Table 8.2: List of instruction opcodes

| Format                                                                                                                                                  | Definition                                                   |  |  |
|---------------------------------------------------------------------------------------------------------------------------------------------------------|--------------------------------------------------------------|--|--|
| branch                                                                                                                                                  | $ \mid op (28-32) \mid offset (1-27) \mid $                  |  |  |
| register                                                                                                                                                | op (28-32)   I (27)   rd (23-26)   rs1 (19-22)   rs2 (15-18) |  |  |
| immediate                                                                                                                                               | op (28-32)   I (27)   rd (23-26)   rs1 (19-22)   imm (1-18)  |  |  |
| $op \rightarrow \text{opcode}, offset \rightarrow \text{branch offset}, I \rightarrow \text{immediate bit}, rd \rightarrow \text{destination register}$ |                                                              |  |  |
| $rs1 \rightarrow \text{source register } 1, rs2 \rightarrow \text{source register } 2, imm \rightarrow \text{immediate operand}$                        |                                                              |  |  |

Table 8.3: Summary of instruction formats



Figure 8.5: Calculation of the immediate operand and the branch target

## Computation of the Immediate Operand and the Branch Target

Figure 8.5 shows the circuit for calculating the immediate operand, and the branch target. To calculate the immediate operand, we need to first extract the imm field (bits 1-18) from the instruction. Subsequently, we extract the lower 16 bits, and create a 32-bit constant in accordance with the modifiers (bit 17, and 18). When no modifier is specified, we extend the sign of the 16-bit number to make it a 32-bit number. For the u modifier, we fill the top 16 bits with 0s, and for the u modifier, we shift the 16-bit number, 16 positions to the left. The newly constructed 32-bit value is termed as immx.

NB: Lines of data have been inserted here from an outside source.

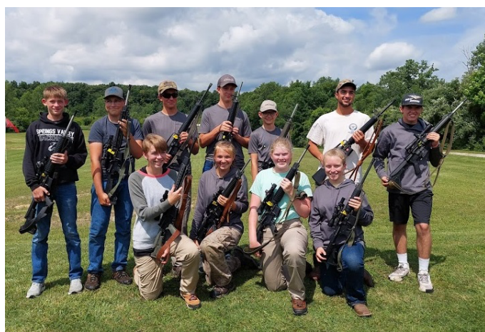
2021 Junior State Championship Competitors

When was the last time you took a junior shooter to the range?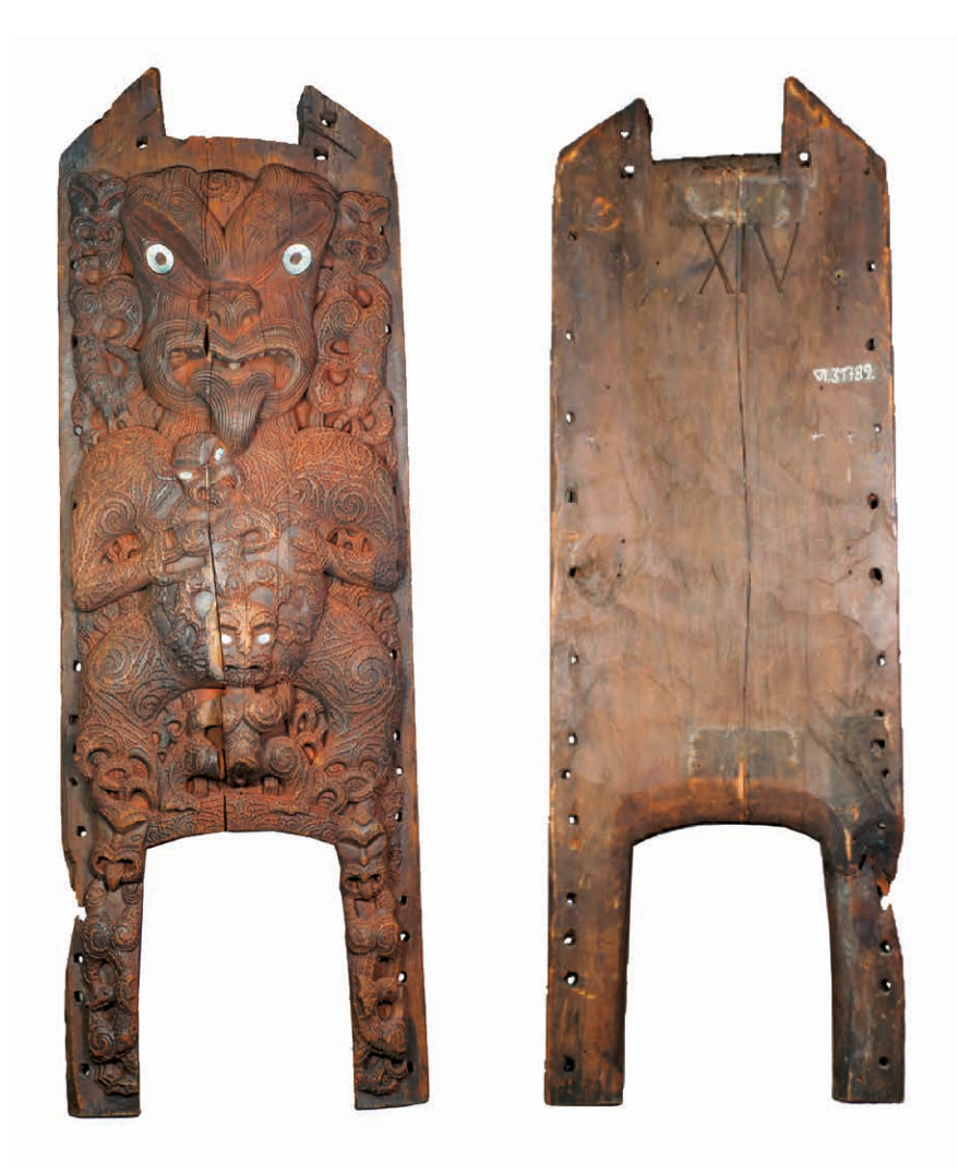
Figure 6. Kūwaha pātaka "XIV" (Kendall no. 14) front view (left) and back view (right) showing Roman numeral at top, Ethnologisches Museum, Berlin, VI 31789.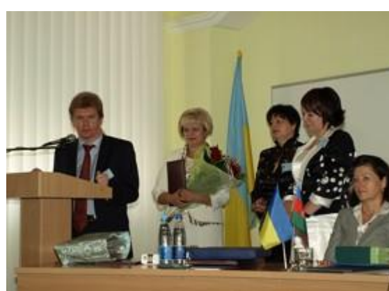
Representatives from Republic of Belarus

After the opening ceremony plenary meeting took place, where the participants discussed problems of the development of post-graduate pedagogical education.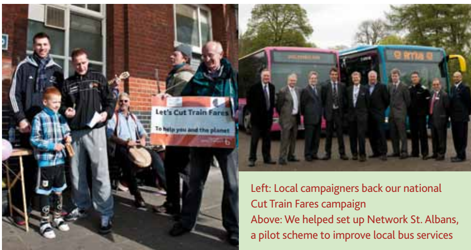
Left: Local campaigners back our national Cut Train Fares campaign Above: We helped set up Network St. Albans, a pilot scheme to improve local bus services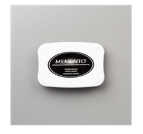
Tuxedo Black Memento Ink Pad -132708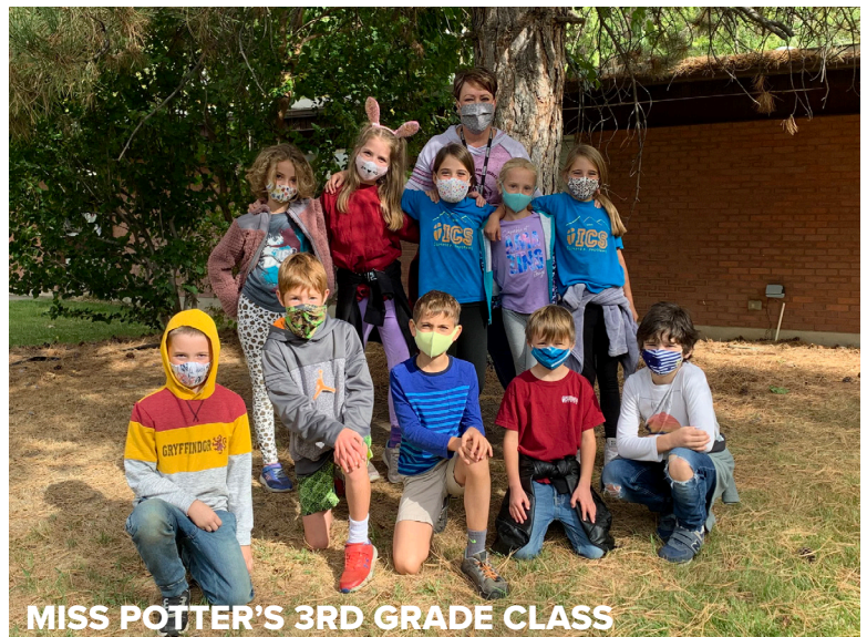
MISS POTTER'S 3RD GRADE CLASS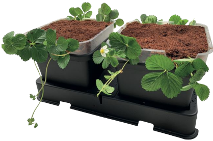
Fits 8.5 L / 2.2 gal pots as used in easy2grow modules (pictured above)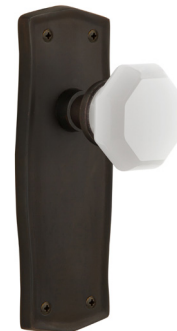
Prairie Long Plate in Oil-Rubbed Bronze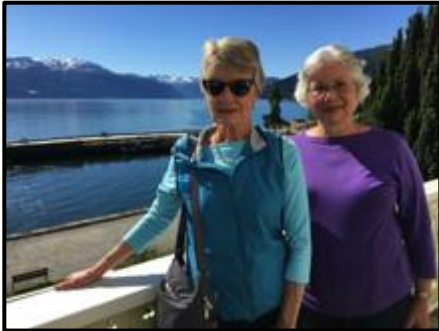
Balcony at hotel

We took a four-hour ferry ride from Bergen to tiny Balestrand staying in the historic 1877 Kviknes Hotel, which hosted a historic buffet each evening. There were Norwegian salmon five ways and everything else one could want. This was not the Golden Corral. We could see the Sognefjord, Norway's largest fjord, from our hotel window. The tiny town also boasted St. Olaf's Church completed in 1897 in the neo-stave style. The coronation church in Frozen was patterned on this church. My 3½ -year old granddaughter was impressed. On the second day, we took a ferry on the Fjaerlandsfjord to see a glacier and attendant museum. Scarily, the glacier has shrunk dramatically in the last ten years.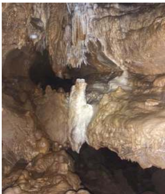
Fox Cave (Judy F)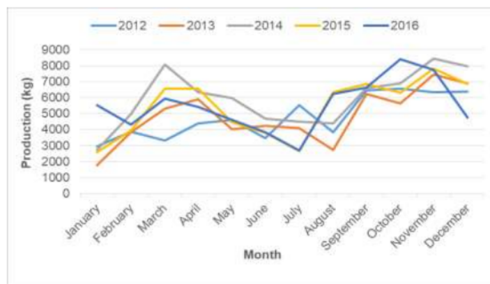
Figure 2. Production from 2012 to 2016

From the table and figure, the highest production occurred in 2014 with a production of 71,626 tons. Whereas the lowest production occurred in 2012 with a total production of 57,762 tons. Whereas for the month with the lowest production occurred in January 2013 with production of 1,764 tons and for the month with the highest production occurring in November 2014 with a production value of 8,456 tons. It can be seen that the month which has the lowest production is between December and January. This is caused by bad weather characterized by high intensity rain, strong winds so that the waves are large which causes fishermen to be reluctant to sea.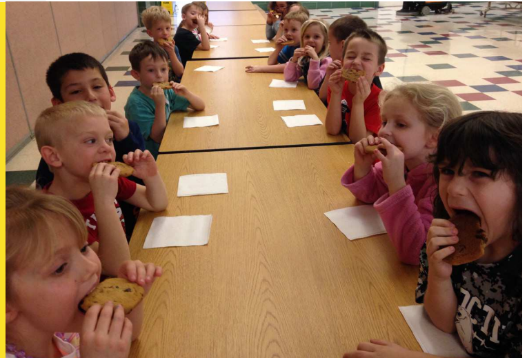
Rocky's Pizza and Thurmont Subway rewarded Thurmont Primary students with pizza and cookies for all their hard work!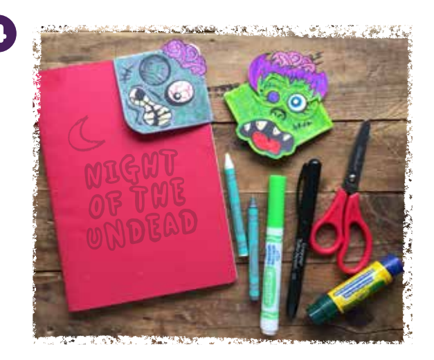
Just slip your bookmark on the corner of your page to mark your spot!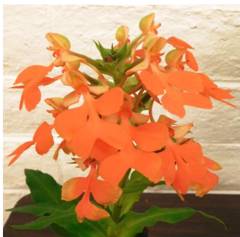
Habenaria rhodocheila Grown by Don Goss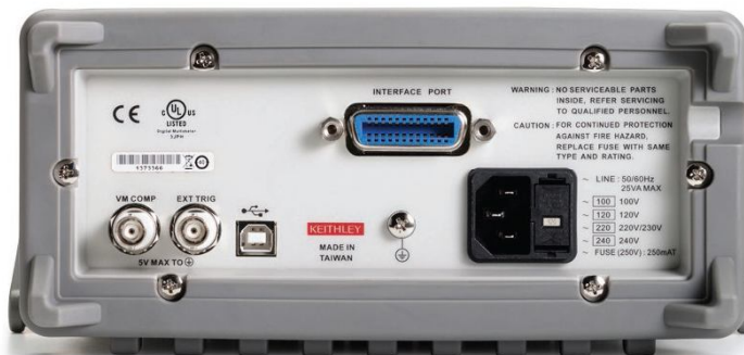
Model 2110 rear panel.

Input bias current: <30pA at 25°C. Input protection: 1000V all ranges (2W input). AC CMRR: 70dB (for 1kΩ unbalance LO lead). Power Supply: 100V/120V/220V/240V. Power Line Frequency: 50/60Hz auto detected. Power Consumption: 25VA max. Digital I/O interface: USB-compatible Type B connection, GPIB (option). Environment: For indoor use only. Operating Temperature: 0° to 40°C. Operating Humidity: Maximum relative humidity 80% for temperature up to 31°C. Storage Temperature: –40° to 70°C. Operating Altitude: Up to 2000 m above sea level. Bench Dimensions (with handles and bumpers): 107 mm high × 252.8 mm wide × 305 mm deep (3.49 in. × 9.95 in. × 12.00 in.). Weight: 2.23 kg ( 4.92 lbs.). Safety: Conforms to European Union Low Voltage Directive, EN61010-1. Measurement Cat 1 1000V and CAT II 600V. EMC: Conforms to European Union Directive 89/336/EEC, EN61326-1. Warranty: Three years.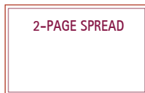
2-PAGE SPREAD: 15" x 10" TRIM SIZE: 17" x 11"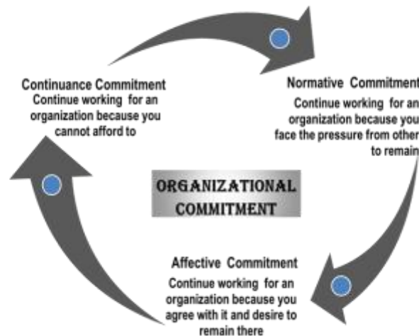
Figure 1 Types of Organizational Commitment

Source: Greenberg and Baron, Behavior in Organizations (New Jersey: Pearson Prentice Hall, 2008) p. 236.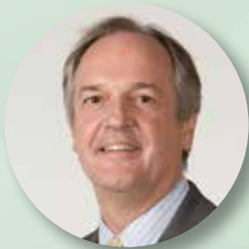
Paul Polman CEO Imagine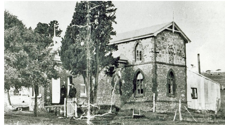
SLSA B27912 Chapel circa 1925

This reserve was established by the Rotary Club of Yankalilla in 1988.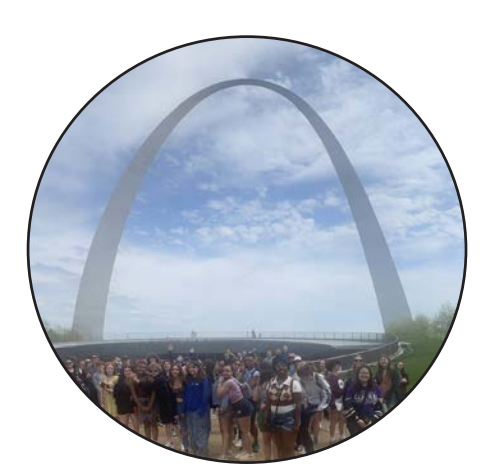
MUSIC TRIP on page 12

In fact the top 100 song's of 2023 include songs from the very early 2000s and before such as Nirvana, Coldplay, Eminem and the Killers. Thus, older artists are coming back to Omaha with new album's and comforting sound, to the delight of young and old and those in between.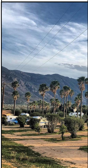
RSM RV PARK

Looking for a place to host your next retreat, conference or camp? Consider coming to RSM in the beautiful Guadalupe Valley, where we have all the amenities to host you and your group. Check out our website for more details or contact us!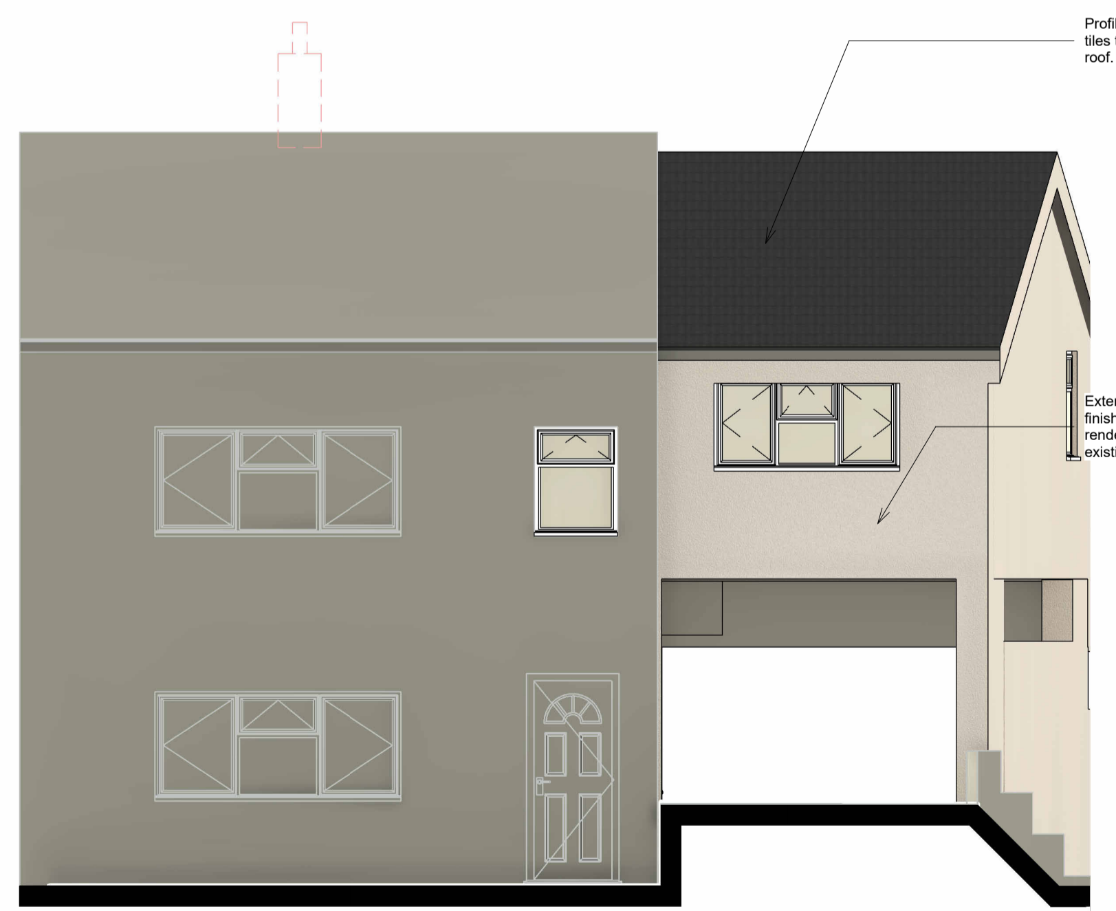
3 Proposed North Elevation 1 : 50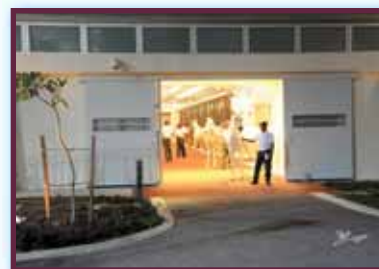
The evening was another celebration of the Arabian Horse heritage that is part of the foundation of the Qatari culture. The Breeding & Show section presented some horses in hand and in liberty

In a similar manner, we can compute the signal, branchTarget (branch target for all types of branches excluding ret). We need to first extract the 27 bit offset (bits 1 to 27) from the instruction. Note that these 27 bits represent the offset in terms of memory words as described in Section 3.3.14. Thus, we need to shift the offset to the left by 2 bits to make it a 29 bit number, and then extend its sign to make it a 32-bit number. Since we use PC-relative addressing in SimpleRisc, to obtain the branch target we need to add the shifted offset to the PC. The branch target can either be derived from the instruction (branchTarget signal), as we have just described, or in the case of a ret instruction, the branch target is the contents of the ra register. In this case, the ra register comes from the register file. We choose between both the values in the next stage, and compute branchPC.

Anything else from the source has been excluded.